# Transition model
Multinomial logit per origin state $k$. Self-loops have logit 0 by
construction; allowed destinations $j \ne k$ contribute the linear logit
$\eta_{kj}(i,t)$:
$$
P(S_{i,t}=j \mid S_{i,t-1}=k, u_{i,t}) =
\frac{\exp(\eta_{kj}(i,t))}{\sum_{l \in \mathcal{D}(k)} \exp(\eta_{kl}(i,t))}
$$
where $\mathcal{D}(k)$ is the allowed-destination set for origin $k$ (see the
[state-space note](03-state-space.md)).
## Logit equations
Coefficients live on `TransitionRow` instances inside `TransitionParams`.
Greek-letter names match the spec; the dataclass spells them out (for
example `α[UA→AW]` is `params.ua_to_aw.alpha`).
```
η[UA→AW] = α[UA→AW]
+ β_vol · vol_t
+ β_mand · mand_t
+ β_rho · ρ_{i,t}
+ β_r · r_i
+ β_tau · (1 - τ_t / T)
η[AW→UA] = α[AW→UA] # constant ≈ -3
η[AW→PR] = α[AW→PR]
+ β_mand · mand_t
+ β_rho · ρ_{i,t}
+ β_pi · π_t
+ β_r · r_i
+ β_v · v_i
+ β_tau · (1 - τ_t / T)
η[PR→ER] = α[PR→ER]
+ β_mand · mand_t
+ β_tau · (1 - τ_t / T)
+ β_negc · (-c_t)
+ β_r · r_i
+ β_v · v_i
η[PR→SH] = α[PR→SH]
+ β_negr · (-r_i)
+ β_negv · (-v_i)
η[ER→SH] = α[ER→SH]
+ β_tir · tir_{i,t}
+ β_negc · (-c_t)
```
with $\tau_t = T - t$ so that $1 - \tau_t/T = t/T$ — closer to landfall ⇒
closer to 1.
## Bookkeeping side effects
Two transitions update the auxiliary attributes:
* `PR → ER` ⇒ `evac_path[i] = AWAY`.
* `PR → SH` ⇒ `evac_path[i] = HOME`.
(`ER → SH` does not need an update — `evac_path[i]` is already `AWAY`.)
## Vectorization
`sample_transitions` walks the four non-absorbing origin states in a fixed
order, gathers the indices of households currently in that origin, and runs
one batched softmax + categorical sample per origin. SH households are
untouched because `prev_state == State.SH` masks them out.

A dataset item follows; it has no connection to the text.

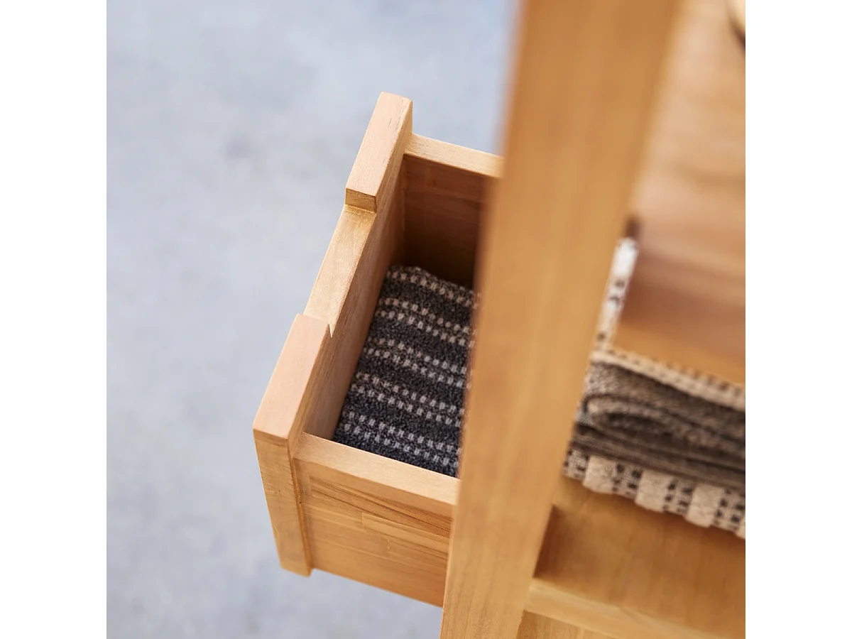 Scaffale a colonna in legno di Teak non trattato con 1 anta e 2 cassetti

The inner per-state batch is the hot path. With the default parameters and
`N=10_000, T=120` the full simulation runs in about 0.3s on a contemporary
laptop — well under the 5-second target — because every household-level
operation is a NumPy reduction or column-stack.